Le Conseil constitutionnel, par une décision n° 2024-6394 AN du 19 juin 2025, statue sur le respect des obligations de financement des campagnes électorales législatives. La question juridique porte sur la sanction du défaut de dépôt du compte de campagne par un candidat ayant obtenu un score supérieur au seuil légal. Un candidat aux élections législatives de juin 2024 n’a pas déposé son compte de campagne dans le délai de dix semaines imparti par le code électoral. Saisi par la Commission nationale des comptes de campagne le 31 octobre 2024, le juge a examiné les observations produites ultérieurement par l’intéressé défaillant. Le Conseil doit déterminer si l’absence de dépôt initial constitue un manquement d’une particulière gravité malgré la production d’un compte postérieurement à la décision administrative. Les juges déclarent le candidat inéligible pour trois ans, considérant que le dépôt tardif ne saurait justifier la méconnaissance des obligations comptables sans circonstances particulières établies. L’objectivation du manquement aux obligations comptables précède l’étude de la rigueur de la sanction d’inéligibilité prononcée par la haute juridiction dans cette espèce contentieuse.
I. L’objectivation d’un manquement caractérisé aux obligations comptables
A. L’exigence impérative du dépôt du compte de campagne L’article L. 52-12 du code électoral impose à chaque candidat ayant obtenu au moins 1 % des suffrages d’établir et de déposer un compte de campagne. Ce compte doit retracer « l’ensemble des recettes perçues et, selon leur nature, l’ensemble des dépenses engagées ou effectuées en vue de l’élection ». Le respect du délai fixé au dixième vendredi suivant le scrutin garantit la transparence du financement et permet le contrôle effectif par la Commission nationale.

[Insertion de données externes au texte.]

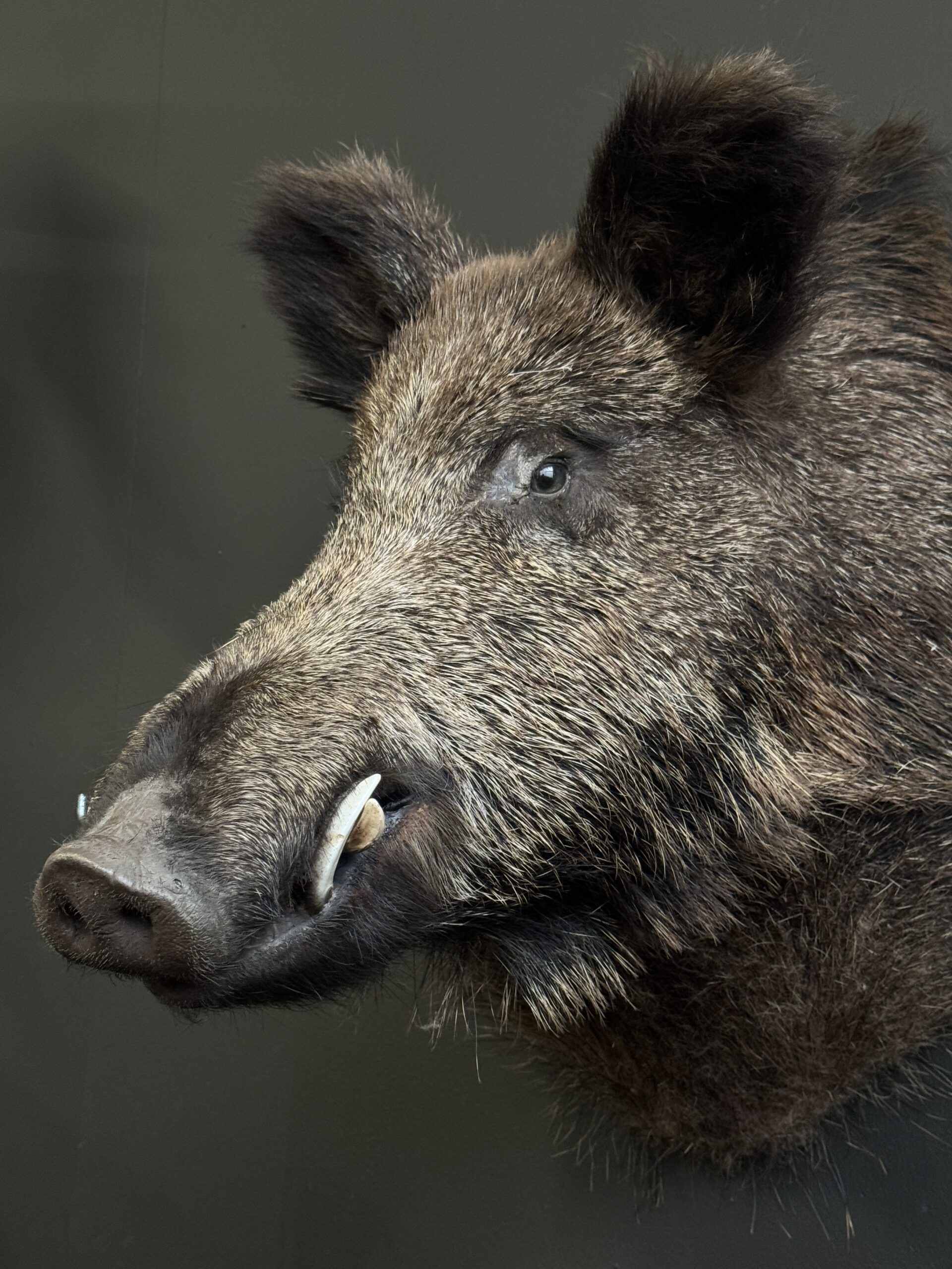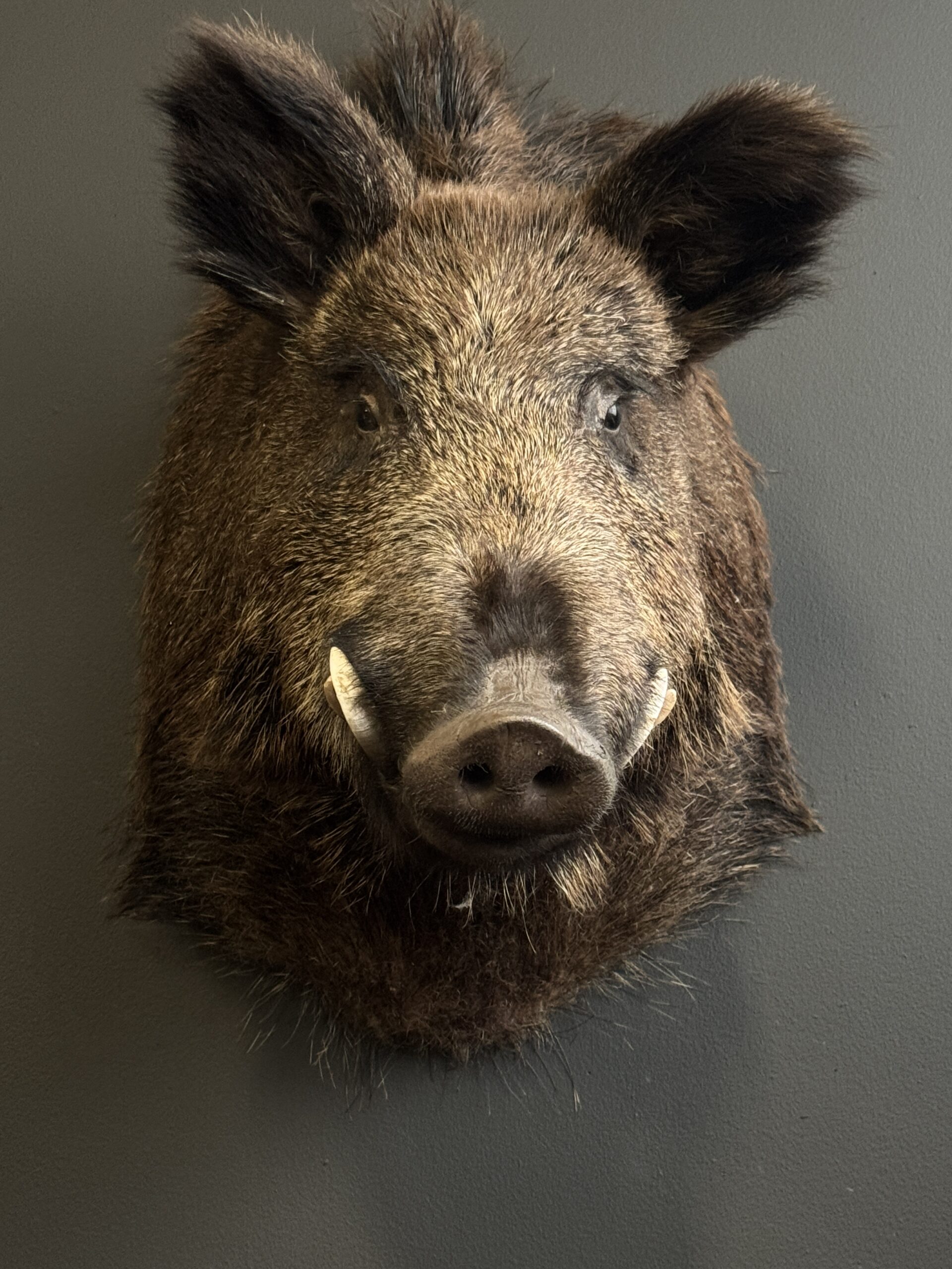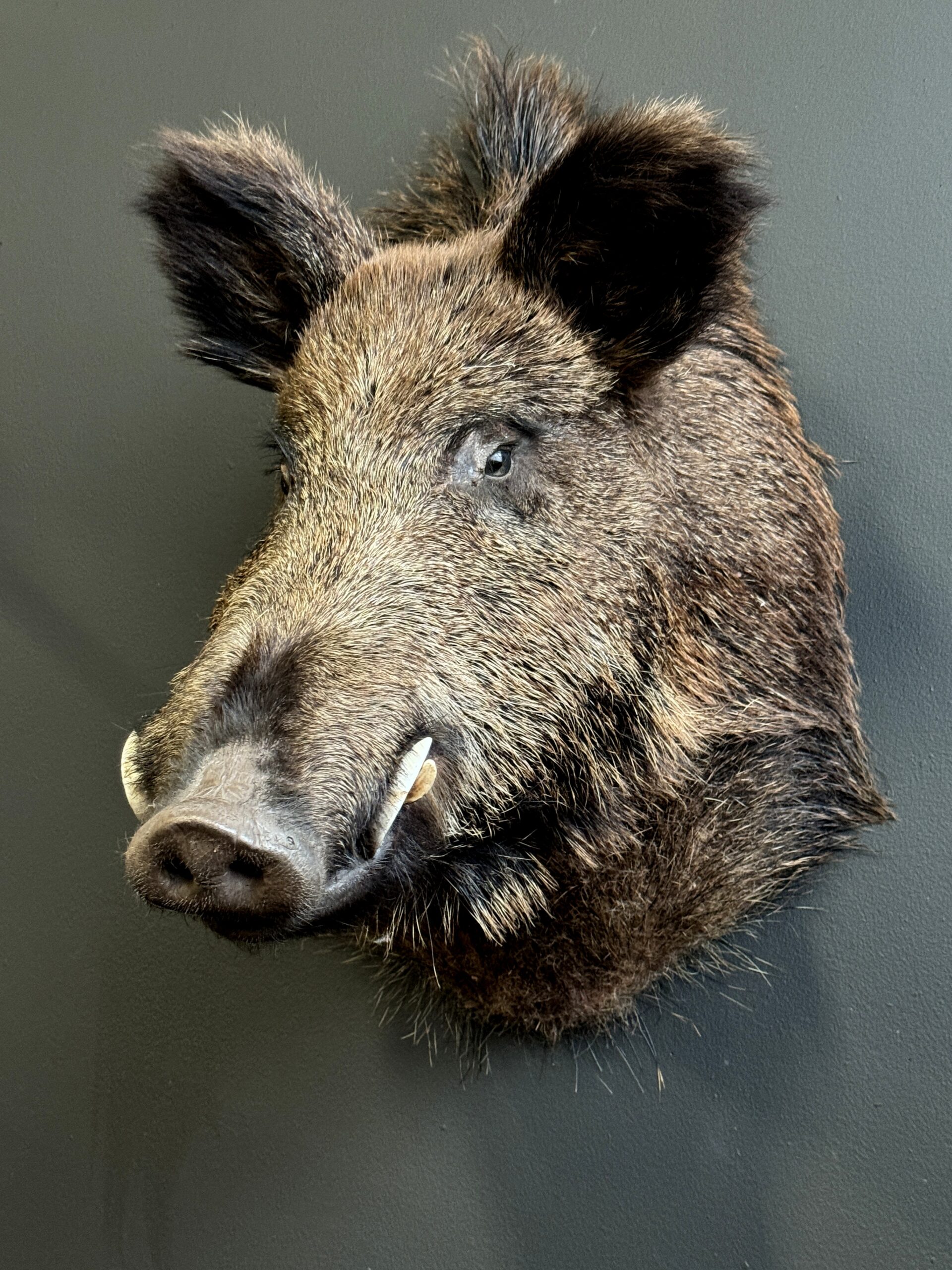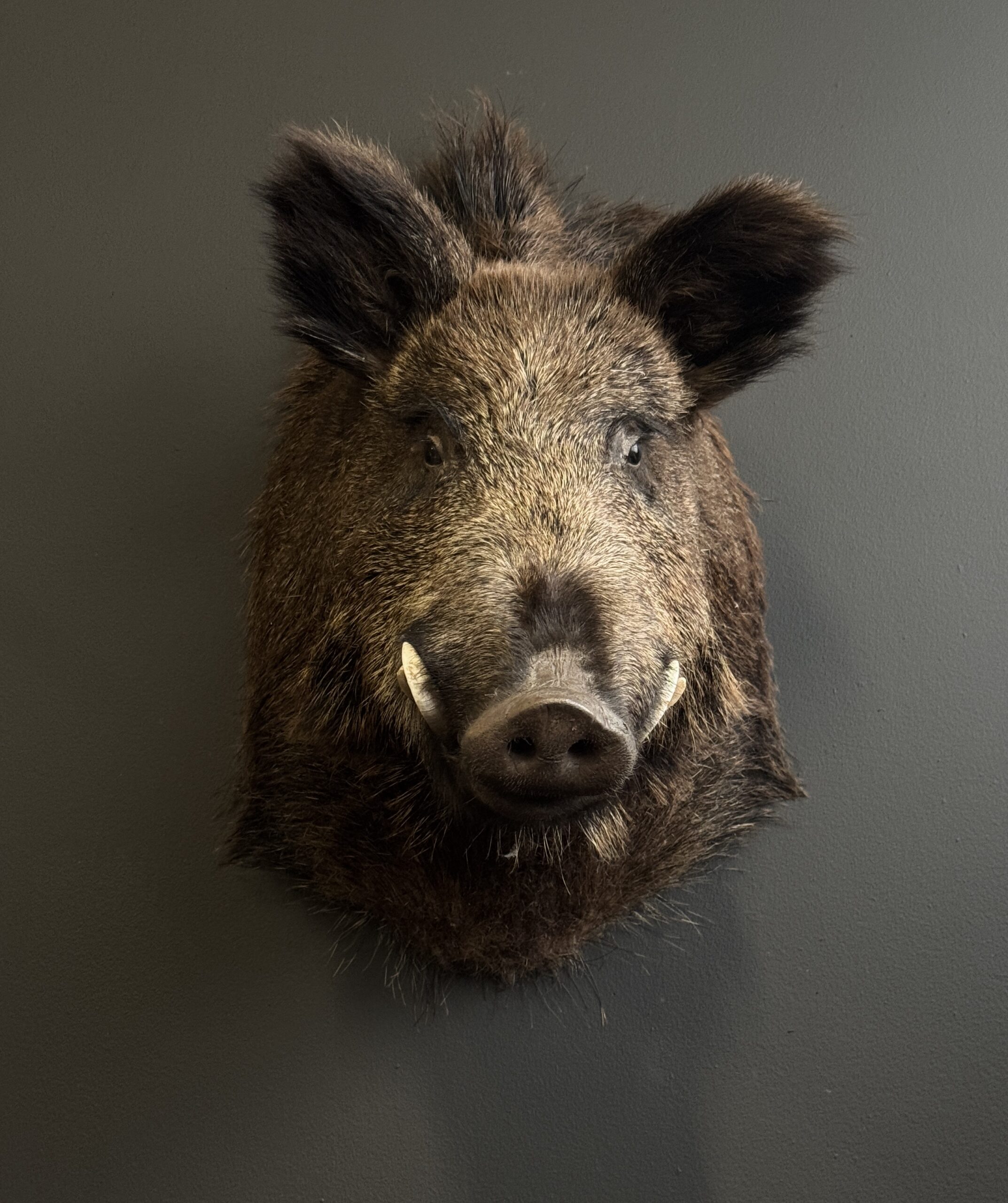 Deze opgezette kop van een wild zwijn is een echte blikvanger voor een stoer en authentiek interieur. Hij heeft een mooie, karakteristieke uitstraling en brengt direct een robuuste sfeer in huis, mancave of jachthut.

En l’espèce, le candidat n’a pas satisfait à cette obligation légale avant l’expiration du terme imparti par les dispositions législatives spécifiques en vigueur.

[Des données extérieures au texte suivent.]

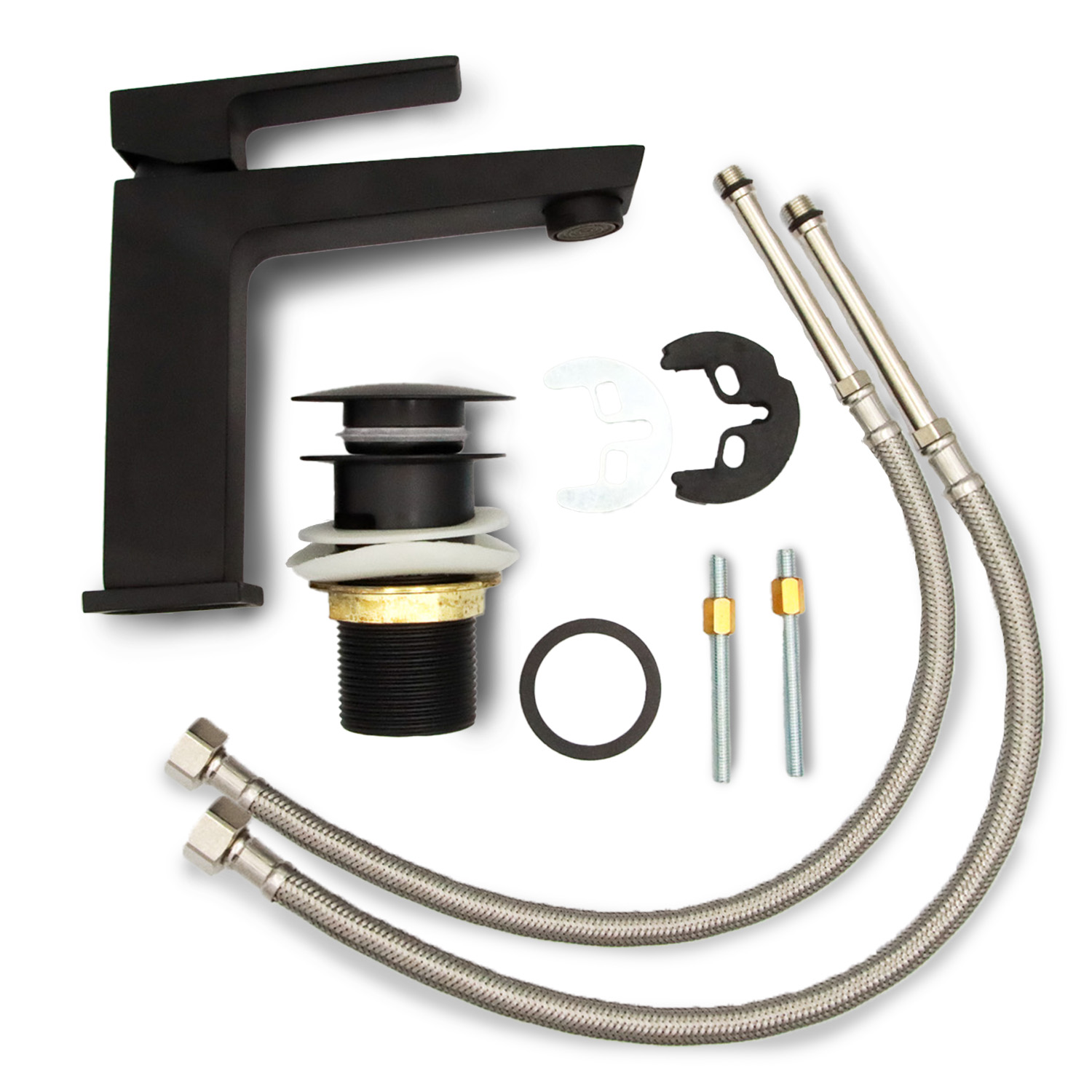 Die kompakte Bauhöhe passt gut auf gängige Waschtische und lässt ausreichend Platz am Becken. Für den schnellen Einbau sind die Klick-Klack-Ablaufgarnitur, 3/8" Flexschläuche mit 40 cm Länge und der Standardanschluss G3/8" dabei. So gelingt die Montage sicher und ohne Zusatzteile.

B. L’inefficacité du dépôt tardif dépourvu de justification particulière Le dépôt d’un compte le 22 novembre 2024, soit après la saisine du juge par la Commission, ne permet pas de régulariser la situation du défaillant. Le Conseil constitutionnel relève qu’ « il ne résulte pas de l’instruction que des circonstances particulières étaient de nature à justifier la méconnaissance des obligations ». Cette absence de justification objective empêche toute indulgence de la part du juge électoral, lequel veille scrupuleusement au respect de l’égalité entre les candidats. L’obligation de dépôt constitue une formalité substantielle dont la méconnaissance ne saurait être couverte par une production tardive sans motif impérieux et insurmontable.
La caractérisation du manquement substantiel aux règles de financement permet d’éclairer la sévérité de la sanction d’inéligibilité retenue par les juges du Conseil constitutionnel.
II. La rigueur de la sanction d’inéligibilité prononcée par le juge
A. La qualification d’un manquement d’une particulière gravité Selon l’article L.O. 136-1 du code électoral, l’inéligibilité est prononcée en cas de volonté de fraude ou de « manquement d’une particulière gravité » aux règles financières. Le Conseil souligne que le défaut total de dépôt dans les délais légaux porte atteinte au mécanisme nécessaire de contrôle de la probité de la vie publique. La jurisprudence constitutionnelle considère traditionnellement que l’absence de reddition des comptes sans excuse valable présente un caractère de gravité suffisant pour fonder une sanction. Les juges apprécient souverainement la matérialité de l’omission pour restreindre l’exercice du droit d’éligibilité du candidat lors des prochains scrutins électoraux nationaux.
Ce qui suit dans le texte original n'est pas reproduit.